A day later, the House voted to establish a select committee to investigate the January 6th storming of the Capitol by the pro-Trump mob, and every single House Republican save two—the Trump critics Liz Cheney and Adam Kinzinger—voted against it. A few weeks earlier, House Republicans voted as a bloc against a bipartisan commission to investigate the January 6th insurrection. Having opposed a bipartisan panel, the same Republicans then voted en masse against the House select committee, claiming that it would be too partisan. It was an act of collective gaslighting that recalled the former President at his most brazen. On Thursday, Speaker Nancy Pelosi took the rare step of appointing one of the Republican dissenters, Liz Cheney, to take a Democratic seat on the panel. Cheney, who has already lost her House Republican leadership position and is now being threatened with the loss of her committee assignments, said in a statement that she was accepting the role because “those who are responsible for the attack need to be held accountable.” Bennie Thompson, of Mississippi, will chair the panel, and he told CNN’s Manu Raju that he envisions a lengthy investigation going into next year, to include public hearings and potential calls for testimony from Trump and others.
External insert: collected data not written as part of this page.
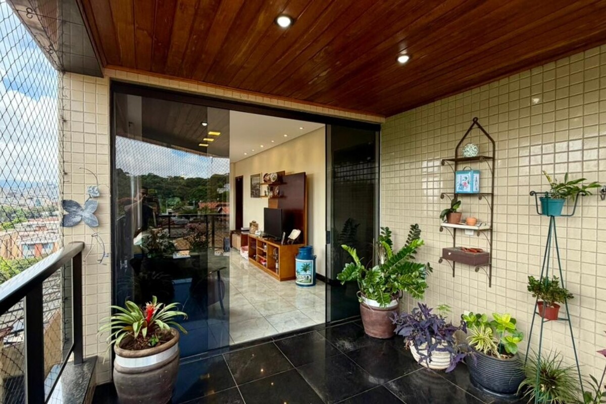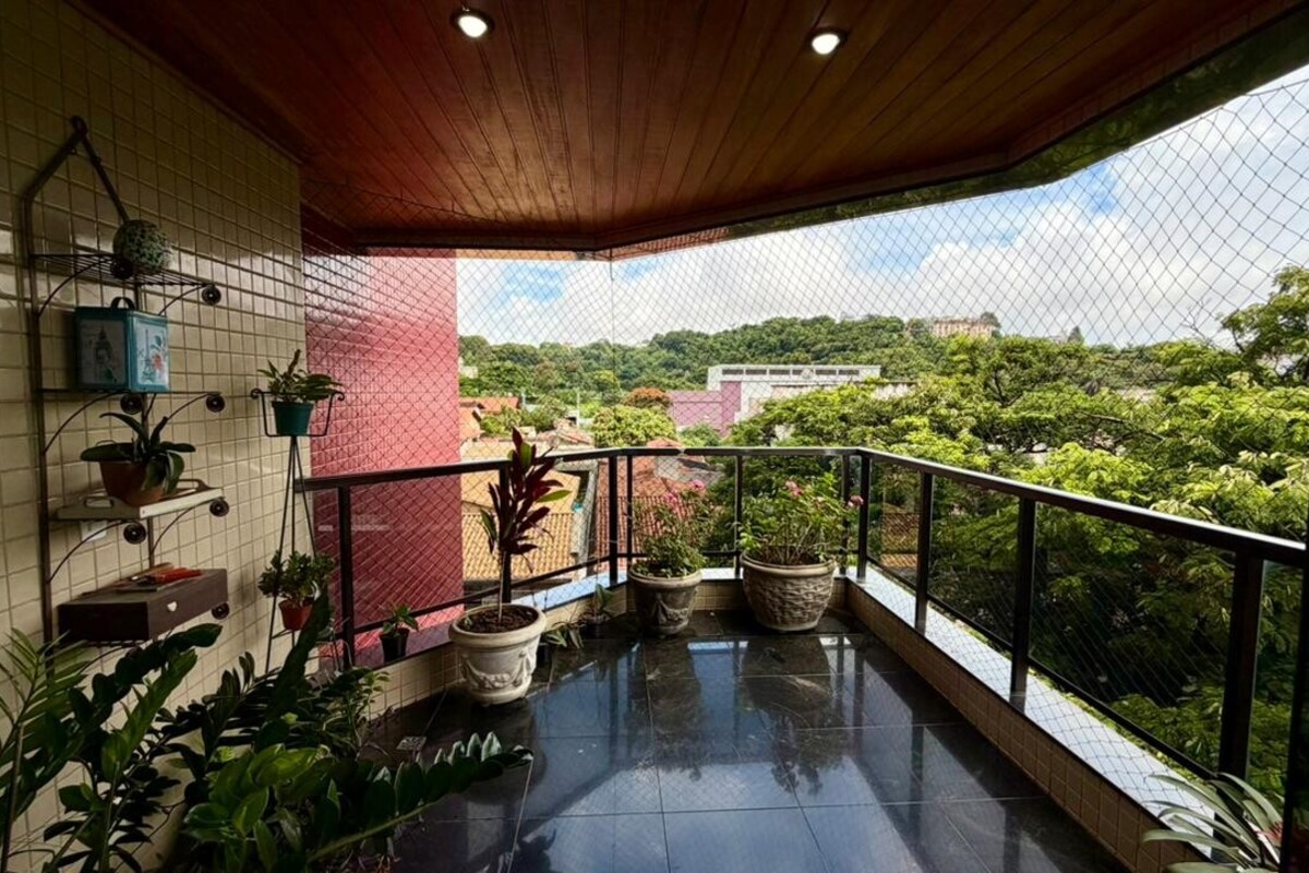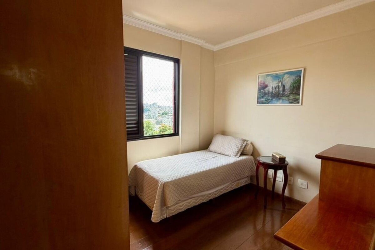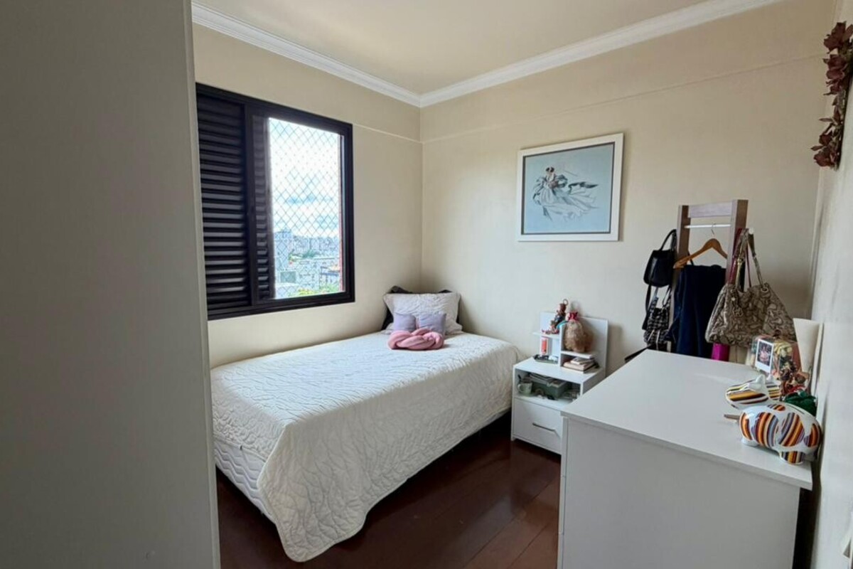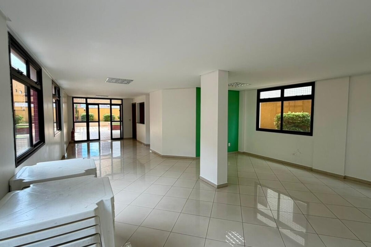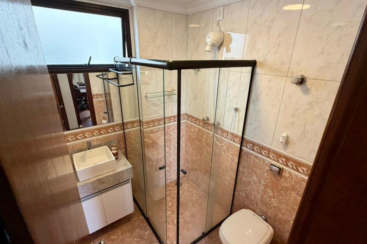 A área social é composta por sala para dois ambientes com varanda integrada, proporcionando boa iluminação e ventilação natural. O apartamento conta ainda com lavabo, cozinha funcional, área de serviço independente e dependência completa de empregada, atendendo bem à rotina do dia a dia.
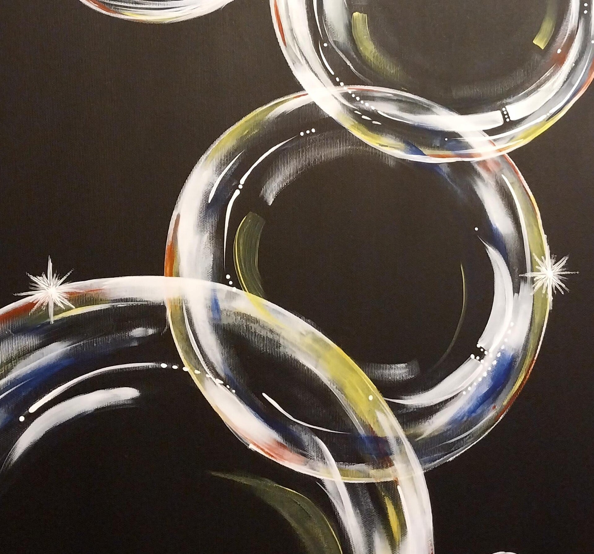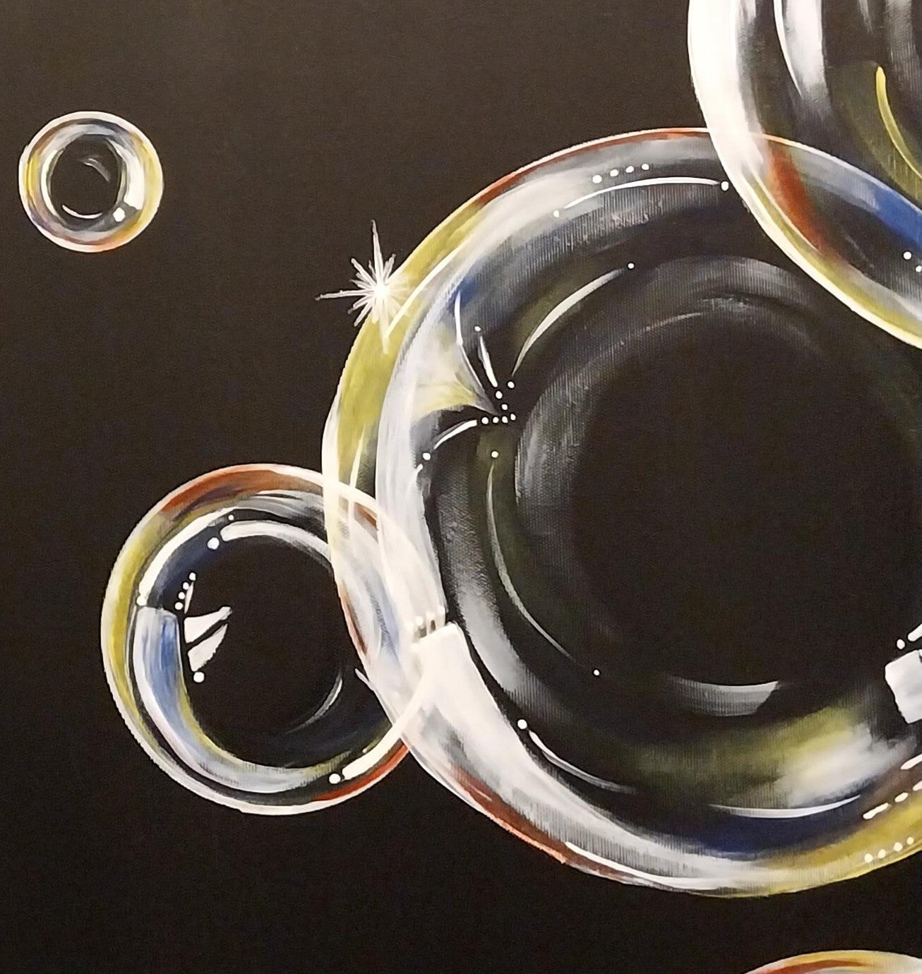 The painting depicts soap bubbles floating in space, varying in size and shimmering against a deep black background. Gentle light reflections create pearly highlights and subtle iridescent edges, giving the composition a sense of lightness and motion. The transparent spheres appear to dance silently, symbolizing the fleeting nature of moments, childlike joy, and the beauty of simple natural phenomena. The contrast between the luminous bubbles and the dark background enhances the feeling of depth and draws attention to the delicate interplay of light and transparency.
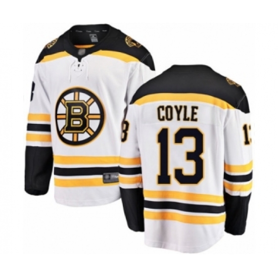 Youth Boston Bruins #13 Charlie Coyle Authentic White Away Fanatics Branded Breakaway Hockey Jersey
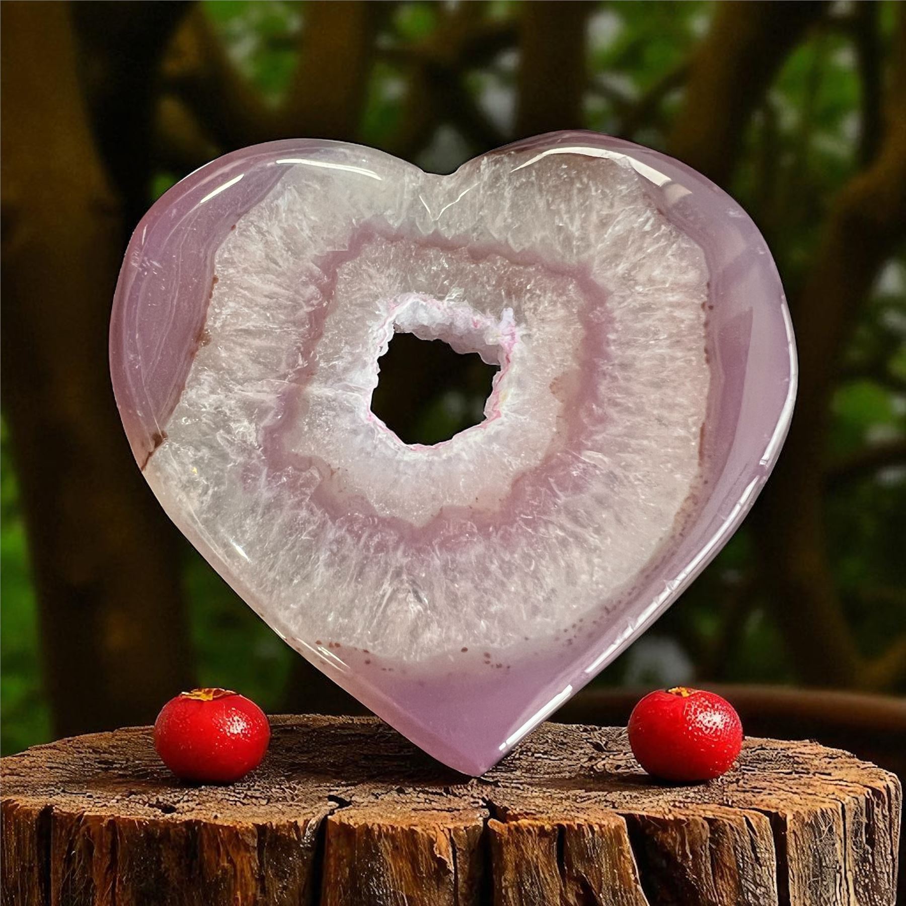 Agate Heart Shaped Stone with natural hole 3.5 inch
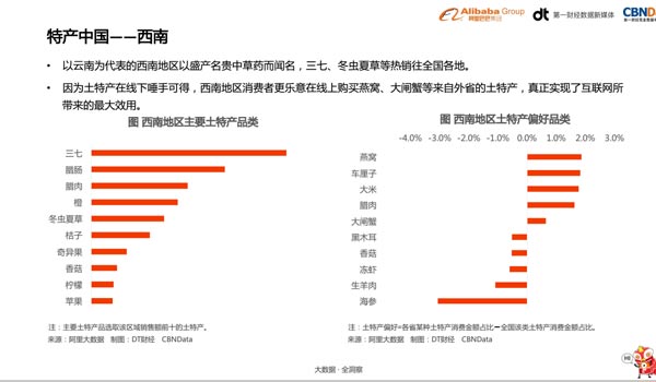 本省消费者对本省土特产的偏好为纬度,云南消费者购买本省销售土特产的购买占比只有13.07%。据悉,年货节期间农村淘宝精选的200种土货,吸引了全国365个城市的消费者抢购,还远销美国、英国、澳大利亚等国家。1月5日至1月11日,淘宝平台上,云南傣乡园7天卖出的玫瑰鲜花饼用掉50亩玫瑰园的新鲜玫瑰。
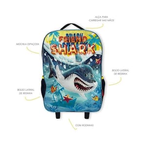 Kit Mochila Infantil Escolar com 03 Peças Tubarão Amarelo Kit Mochila Infantil Escolar com 03 Peças Tubarão Amarelo ===================================== Vem com uma mochila de rodinhas com compartimento principal espaçoso ideal para acomodar os livros, cadernos e materiais escolares no geral e mais dois bolsos laterais de redinha para garrafas.
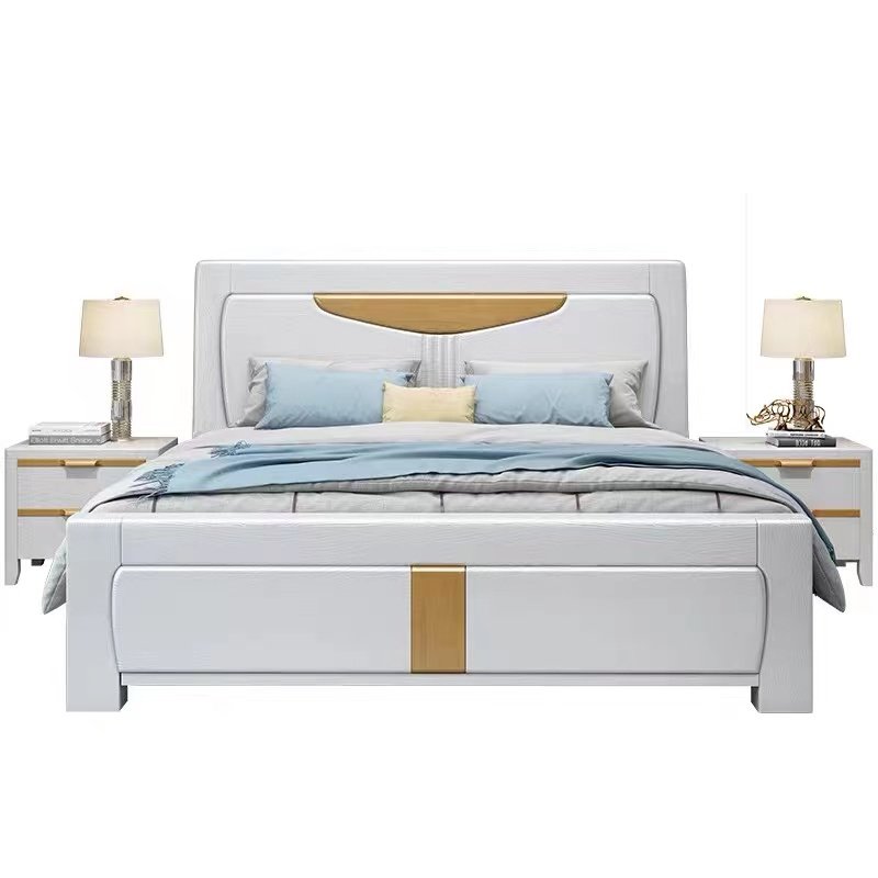 掌上明珠全实木白色主卧1.8米双人简约现代压纹实木床1.5M经济型

Is this really what accountability for Trump looks like? The politics of the last few dreadful years strongly suggest otherwise. Sure, there will be hearings—in a New York City courtroom, in impressively gilded congressional committee chambers. But Trump and his conspirators are experts by now at the art of the dodge. The playbook is achingly familiar: they will discredit the investigators, discredit the media, disavow the facts, invent alternative realities. There will be enemies and distractions and confusing subplots to make us forget about the damning basic facts. Both Democrats and Republicans will come away with an issue to take to their base in next year’s midterm elections. Maybe Weisselberg will end up in jail; maybe he won’t.
Until and unless prosecutors decide to charge Trump, too, he will remain free to travel the country, selling personal and political grievance as his message. The day before his company was taken to court, Trump appeared in Texas, spinning lies about his unbuilt border wall and his unwon Presidential campaign. This weekend, he is supposed to appear at a rally in Florida, notwithstanding the state of mourning for the loss of life in Surfside and pleas from the state’s very pro-Trump governor to cancel. Millions will continue to cheer him on as he fantasizes about being “reinstated” to the Presidency. But one certitude at an uncertain moment is that that, at least, will not happen. Elections still have consequences in this country, and this is the accountability that no amount of Trump’s lies has been able to obscure. The simple truth is that Trump lost in 2020, and neither he, nor anyone, can undo it. Joe Biden lives at the White House now. That may not be a punishment fit for all of Donald Trump’s wrongdoing, but a punishment it surely is.